(Available data Opens)
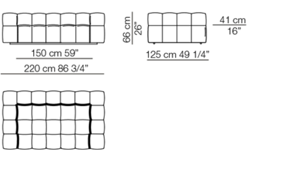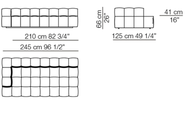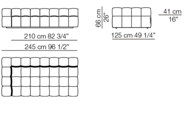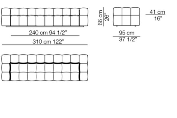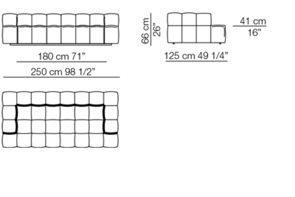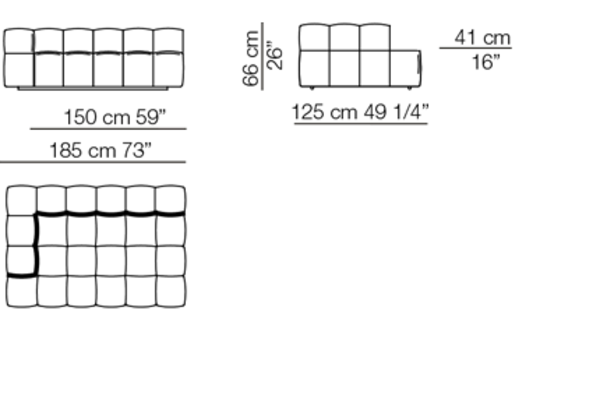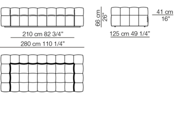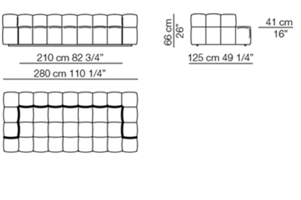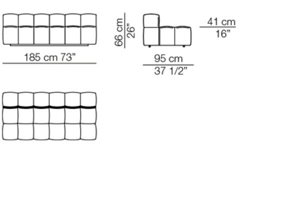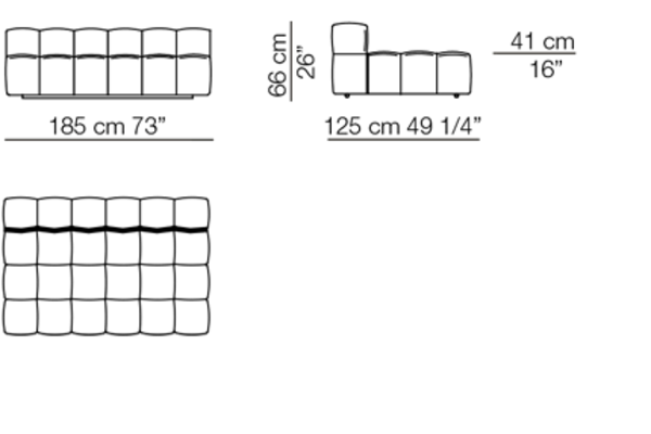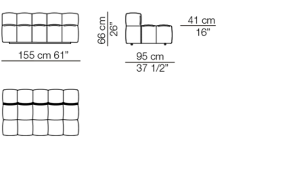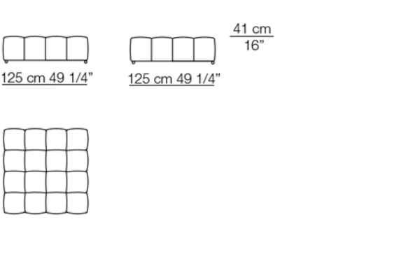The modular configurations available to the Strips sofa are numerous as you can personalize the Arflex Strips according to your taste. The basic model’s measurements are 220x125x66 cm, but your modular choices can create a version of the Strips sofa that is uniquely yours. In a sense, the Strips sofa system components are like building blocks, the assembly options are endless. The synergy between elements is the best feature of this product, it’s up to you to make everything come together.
(Available data Closes)
(Available data Opens)
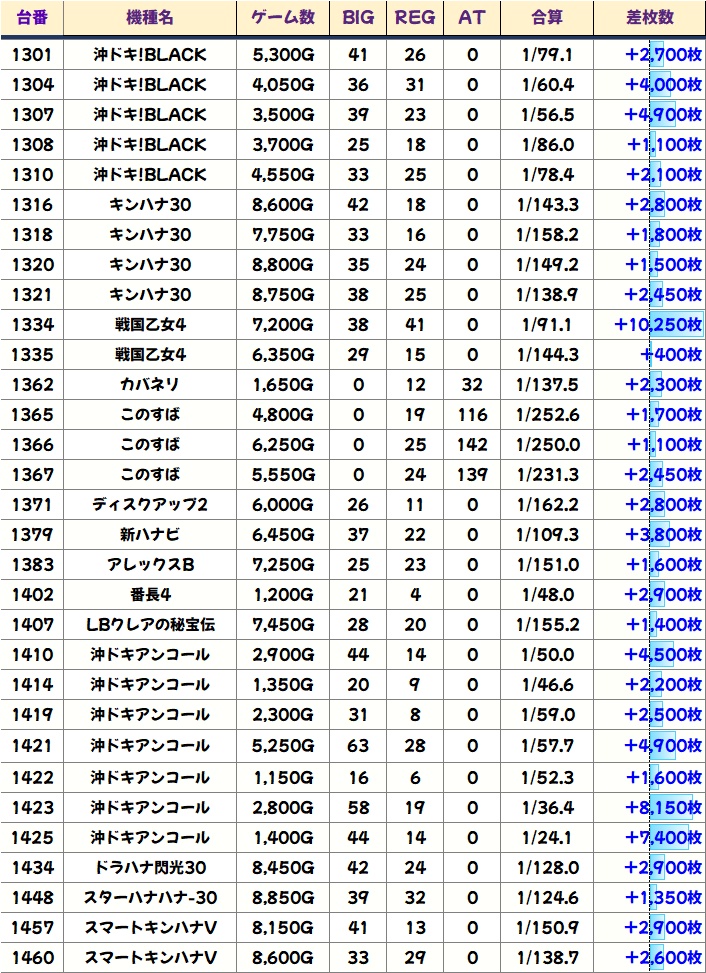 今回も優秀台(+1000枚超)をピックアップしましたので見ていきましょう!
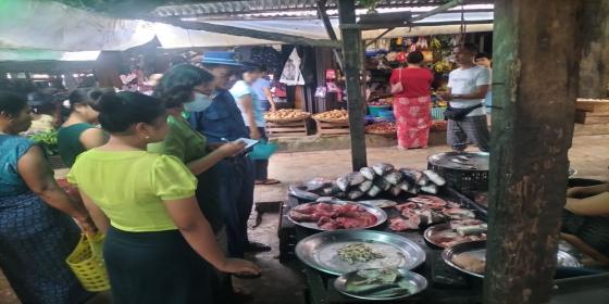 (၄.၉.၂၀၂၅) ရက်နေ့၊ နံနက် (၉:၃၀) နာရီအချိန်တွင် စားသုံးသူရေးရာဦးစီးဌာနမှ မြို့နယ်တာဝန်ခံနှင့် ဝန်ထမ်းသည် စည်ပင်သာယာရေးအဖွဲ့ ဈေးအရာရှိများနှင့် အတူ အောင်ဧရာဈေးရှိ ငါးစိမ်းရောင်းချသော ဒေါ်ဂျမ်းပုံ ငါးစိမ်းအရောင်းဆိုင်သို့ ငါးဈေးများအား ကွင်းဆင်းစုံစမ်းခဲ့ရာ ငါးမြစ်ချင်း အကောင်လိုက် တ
(Available data Closes)
Work to be completed | For the entries above, print exactly the lines between the one with "今回も優秀台(+1000枚超)をピックアップしましたので見ていきましょう!" and the one with "(၄.၉.၂၀၂၅) ရက်နေ့၊ နံနက်", inclusive, with no pictures.

Answer to the exercise |
 今回も優秀台(+1000枚超)をピックアップしましたので見ていきましょう!
 (၄.၉.၂၀၂၅) ရက်နေ့၊ နံနက် (၉:၃၀) နာရီအချိန်တွင် စားသုံးသူရေးရာဦးစီးဌာနမှ မြို့နယ်တာဝန်ခံနှင့် ဝန်ထမ်းသည် စည်ပင်သာယာရေးအဖွဲ့ ဈေးအရာရှိများနှင့် အတူ အောင်ဧရာဈေးရှိ ငါးစိမ်းရောင်းချသော ဒေါ်ဂျမ်းပုံ ငါးစိမ်းအရောင်းဆိုင်သို့ ငါးဈေးများအား ကွင်းဆင်းစုံစမ်းခဲ့ရာ ငါးမြစ်ချင်း အကောင်လိုက် တ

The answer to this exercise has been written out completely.